张志云口中的李家指的是以李增奎的父亲李守銮为首的李家兄弟五人,李家不仅兄弟众多,子侄辈也不少,而且个个喜欢争强斗狠,在整个马步屯乡都无人可惹,他们不仅仰仗武力霸占了山上的采石场,而且霸占着村边小河里的采沙场。
最近几年,城里开始大兴土木搞房地产开发,河沙的价格一路飙升,现在已经涨到几千元一车,李家就把生意从山上的采石场转移到了开采河沙上,大伯家的地就在李家采沙场的旁边,为了扩大采沙场规模,李家便找到大伯,让大伯把那块地让给他们做码头。
大伯不同意,他们就来硬的,找来铲除,把大伯家地里的庄稼全给铲平了。
大伯是村小学的校长,也算知识分子了,打了几次报警电话,可是乡派出所根本不来人处理,相反却把李家兄弟给惹来了,跑到大伯家推推搡搡,骂骂咧咧。
李家到大伯家闹事那天,刚从部队复员回家不久的张志强正好在家。
张志强当了五年的兵,是个血性汉子,咽不下这口气,便和李家兄弟打起来,虽然是以一对多,还是把李家兄弟爷们十几人打得抱头鼠窜,这回乡派出所出警的速度却是极其的迅速,一个小时后就来了辆警车,把张志强拘走了。
张志强被捕以后,李家兄弟爷们再次耀武扬威的跑到大伯家,对着大伯一家破口大骂,把两只还未长成的小壳郎猪也给宰了,这才作罢。
大娘补充道:“小亭啊,你哥是冤枉的,你也知道,他们李家兄弟爷们十几个人,都是有名的二流子,这么多人打你哥一个,末了还倒打一耙,说你哥故意伤人,经官动府逮进老监,到现在没动静,可怜俺家强子,现在还关在派出所里。
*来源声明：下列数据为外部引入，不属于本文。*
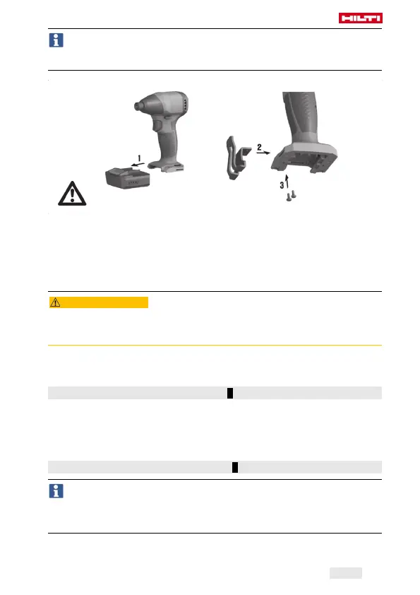 3. Ponownie zamocować zaczep do paska za pomocą 2 śrub.
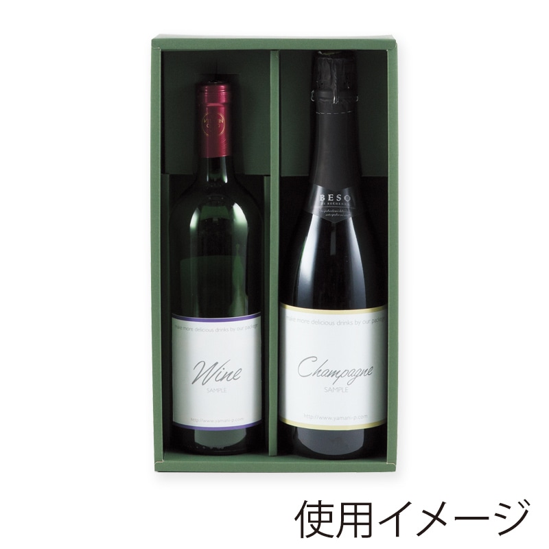 ヤマニパッケージ 片段ワイン箱 グリーン 2本 K-780 50枚/箱(ご注文単位1箱)【直送品】
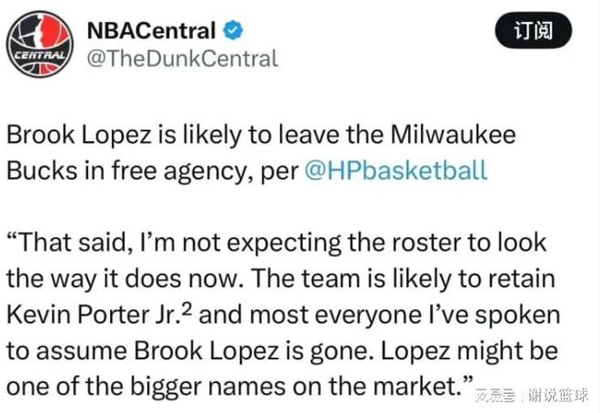 前湖人中锋布鲁克-洛佩斯,从目前情况来看,似乎又要换队了。根据记者马特-摩尔的相关报道,雄鹿今年夏天很可能跟布鲁克-洛佩斯分道扬镳,除了后者状态下滑明显,又不太可能低薪续约外,也是因为雄鹿如果失去当家球星“字母哥”扬尼斯-阿德托昆博,就会直接选择拆队重建,留下布鲁克-洛佩斯,就没有任何意义了。
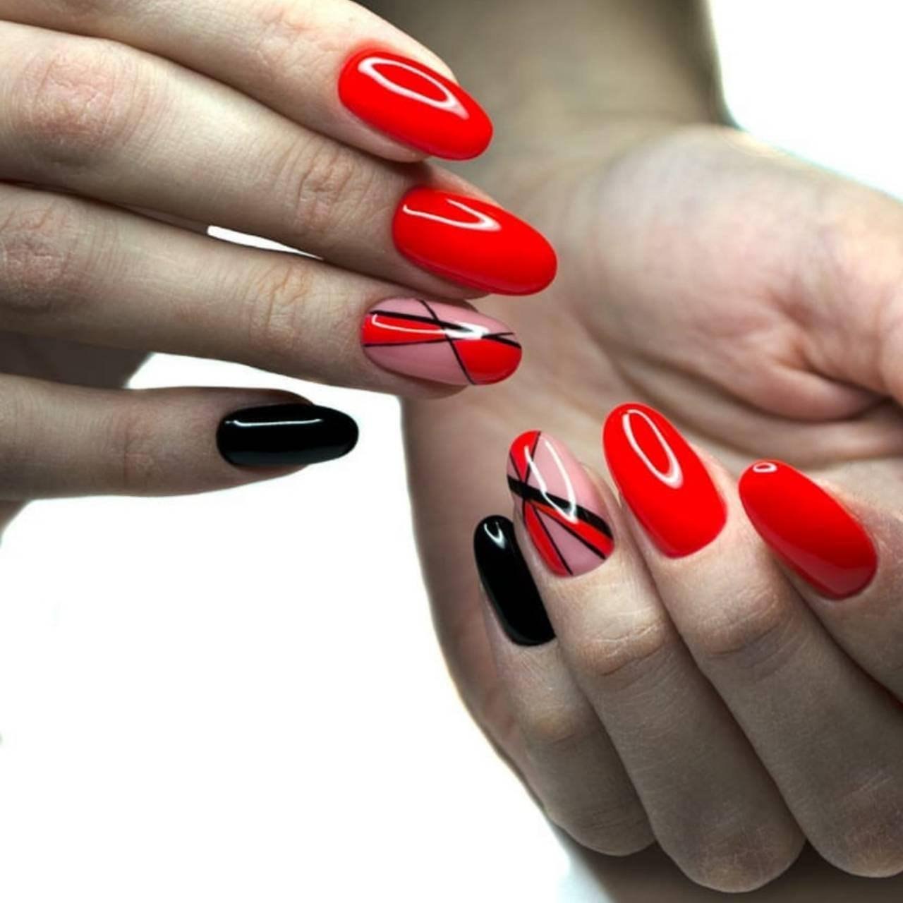 Маникюр красный с черным
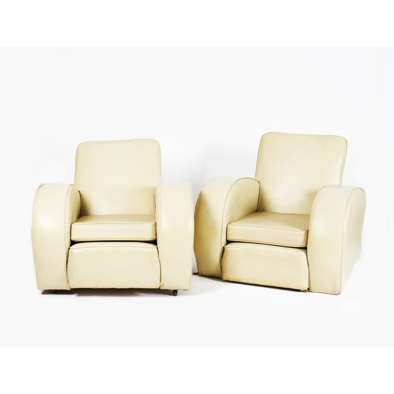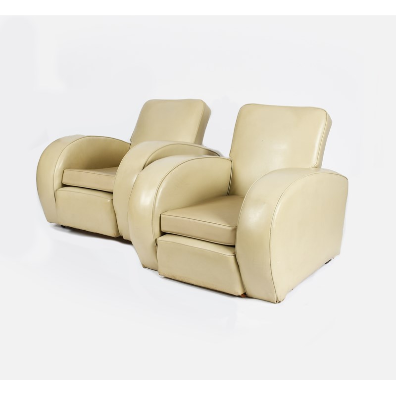 A pair of Art Deco streamlined armchairs, covered in a mushroom leather, unsigned,
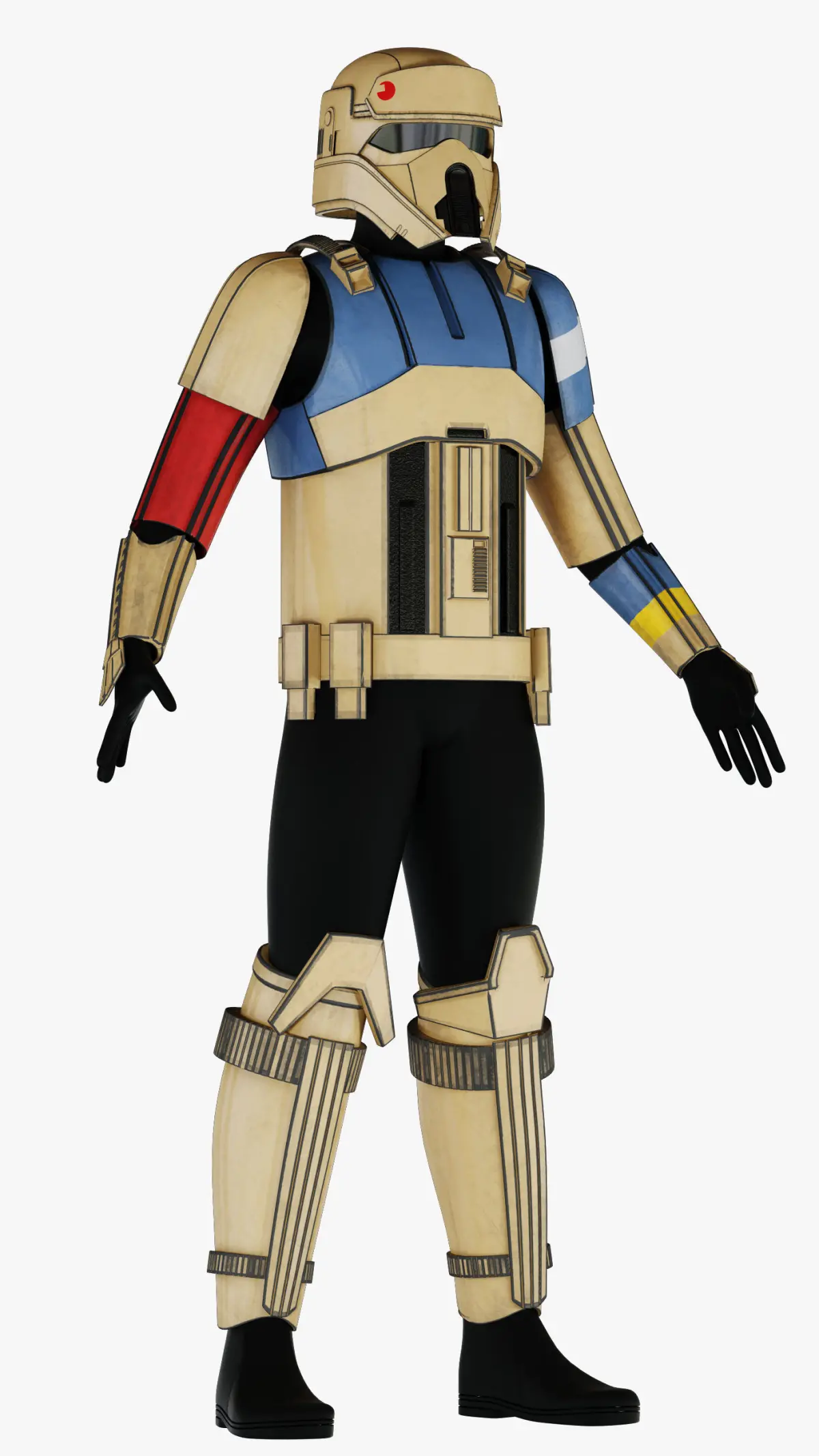 Specialist stormtroopers stationed at the top secret Imperial military headquarters on Scarif, Shoretroopers patrol the beaches and bunkers of the planetary facility.
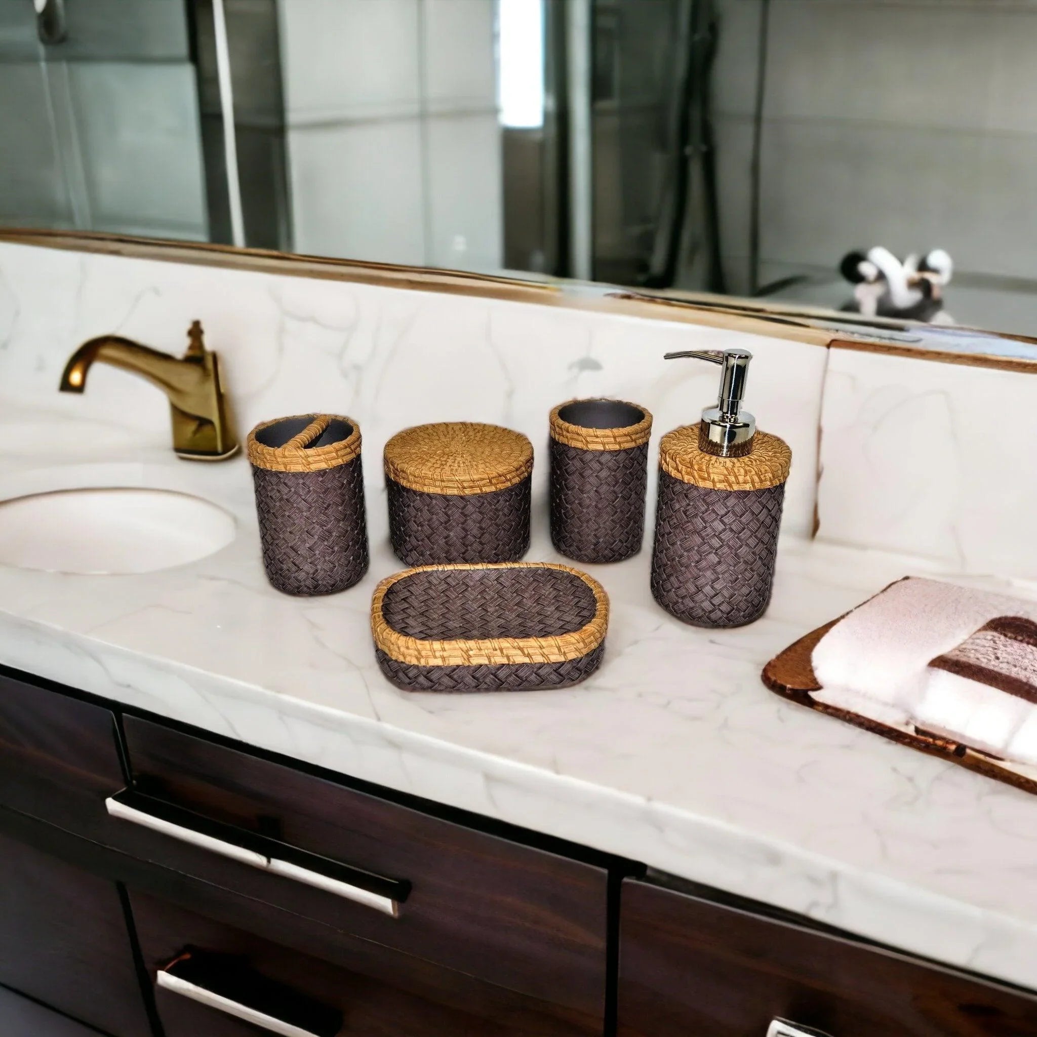 Delicately crafted with intricate weaving and an exquisite blend of refined colors, this set will add a touch of luxury to your bathroom. Transcend into the realm of elegance with these timeless pieces and transform your bathroom into a work of art.
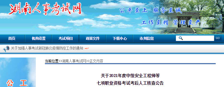 根據(jù)人力資源和社會(huì)保障部人事考試中心《關(guān)于印發(fā)〈專(zhuān)業(yè)技術(shù)人員職業(yè)資格考試報(bào)名證明事項(xiàng)告知承諾制工作規(guī)程〉的通知》(人考中心函〔2021〕1號(hào))、省人力資源社會(huì)保障廳《關(guān)于專(zhuān)業(yè)技術(shù)人員資格考試實(shí)行考后資格審查的通知》(湘人社函〔2012〕526號(hào))、《關(guān)于做好湖南省2021年度統(tǒng)計(jì)專(zhuān)業(yè)技術(shù)資格考試考務(wù)工作的通知》(湘人社考函〔2021〕17號(hào))、《關(guān)于做好湖南省2021年度執(zhí)業(yè)藥師職業(yè)資格考試考務(wù)工作的通知》(湘人社考函〔2021〕19號(hào))、《關(guān)于做好湖南省2021年度出版專(zhuān)業(yè)技術(shù)人員職業(yè)資格考試考務(wù)工作的通知》(湘人社考函〔2021〕20號(hào))、《關(guān)于做好湖南省2021年度中級(jí)安全工程師職業(yè)資格考試考務(wù)工作的通知》(湘人社考函〔2021〕21號(hào))、《關(guān)于做好湖南省2021年度勘察設(shè)計(jì)工程師執(zhí)業(yè)資格考試考務(wù)工作的通知》(湘人社考函〔2021〕22號(hào))、《關(guān)于做好湖南省2021年度一級(jí)造價(jià)工程師職業(yè)資格考試考務(wù)工作的通知》(湘人社考函〔2021〕23號(hào))及《關(guān)于做好湖南省2021年度注冊(cè)城鄉(xiāng)規(guī)劃師職業(yè)資格考試考務(wù)工作的通知》(湘人社考函〔2021〕24號(hào))等文件精神,現(xiàn)將做好2021年度中級(jí)安全工程師等職業(yè)資格考試考后人工核查工作有關(guān)事項(xiàng)公告如下:
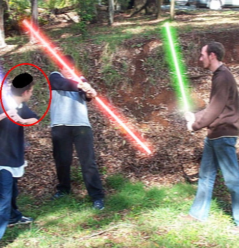 Dovid (circled) with a friend and his Jedi Master at start of training
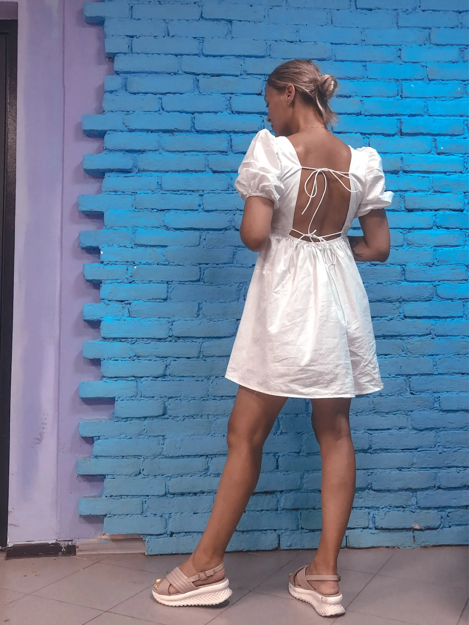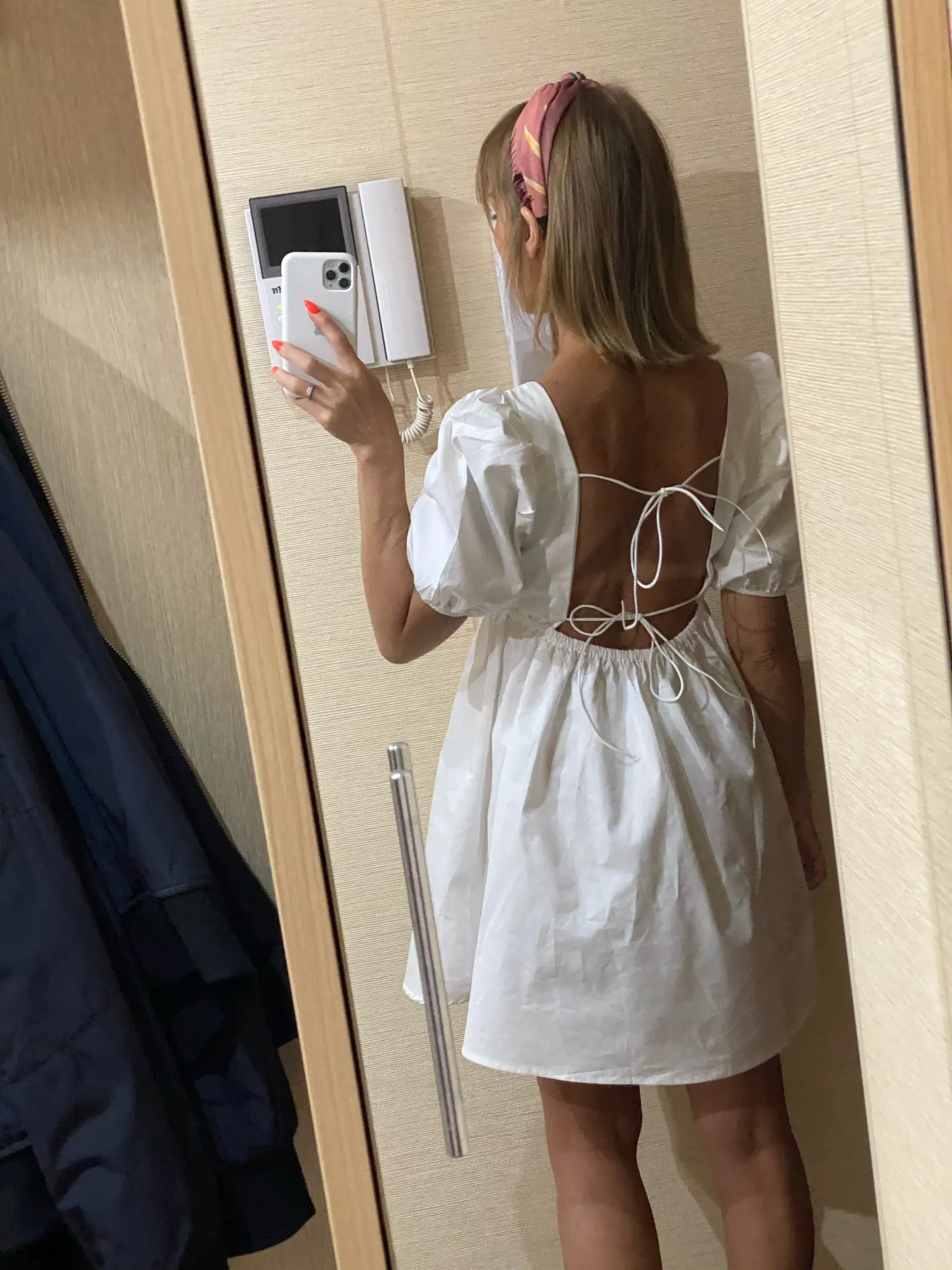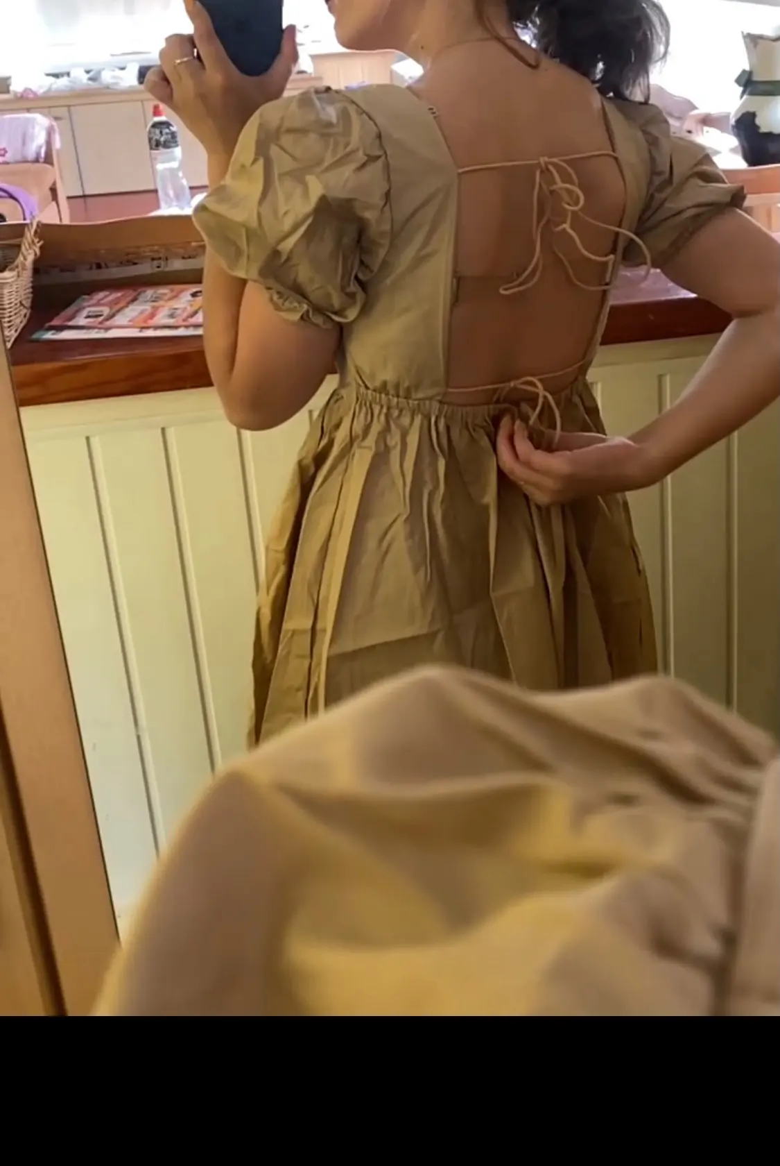Супер платье! Плотная качественная ткань, не светит. Веревочки на стене - это резинки.

”
说着就抬起袖子抹眼泪,大伯严肃地说:“老婆子,别瞎说,强子确实动手打人了,政府绝对不会冤枉好人的,一定要相信组织。”
大娘哭道:“谁不知道李守銮和乡派出所的人熟,整天一起喝酒耍钱,咱家强子这回是出不来了,非得蹲老监不可,可怜他还没娶媳妇呢”
大伯也烦躁起来,摘下老花眼镜揉着鼻梁,发出沉重的一声叹息。
张志云幽幽的说:“我和你姐夫都是村小学的代课教师,不会打架骂人,俺爹娘也是老实巴交的农村人,从来没和乡亲们红过脸的,姓李的一家人欺男霸女,作恶一方,跋扈惯了的,要是平时俺也就忍了,偏巧这回你哥从部队复员回家,碰上他们到俺家闹事,不光用铲车把俺家的地给铲了,还把俺爹给推倒了,你哥才忍不住动手的。”
张亭说:“我哥的脾气我知道,不是逼到绝路上他是不会动手的,李家也太欺负人了。对了,姐,这场架是在外边打的,还是在咱家院子里打的?”
“是在咱家院子里,他们过来找事,把俺爹打了,你哥才动的手。”张志云答道。
“李家兄弟到底有什么受伤?伤的多重?”张亭接着问道。
“打架嘛,肯定要挂彩,不过肯定不算很重,他们都是自己跑走的。”
“打的时候,我哥动家伙没有?”
“没有,铁定没有!”张志云斩钉截铁的说。
大家都不再言语,都在认真听张亭和张志云这姐弟俩的对话,他们都敏锐的感觉到,这位上过大学,如今在市里工作的张家人,或许有办法把张志强给救出来。
“最后一个问题,我哥被拘留了多少天?拘在哪里?”
“俺找人打听了,就关在乡派出所,到今天有二十天了。”张志云答道。
“乱弹琴。”张亭一拍桌子,“李家跑到咱家来打人,我哥为了保护家人才动手,又没动用凶器,只能算正当防卫,凭什么抓人,抓了人也要有个说法才是,要么治安拘留十五天,要么刑事拘留十四天,案子要是严重,直接转看守所,移交检察院,就这么不声不响关在派出所算什么事。”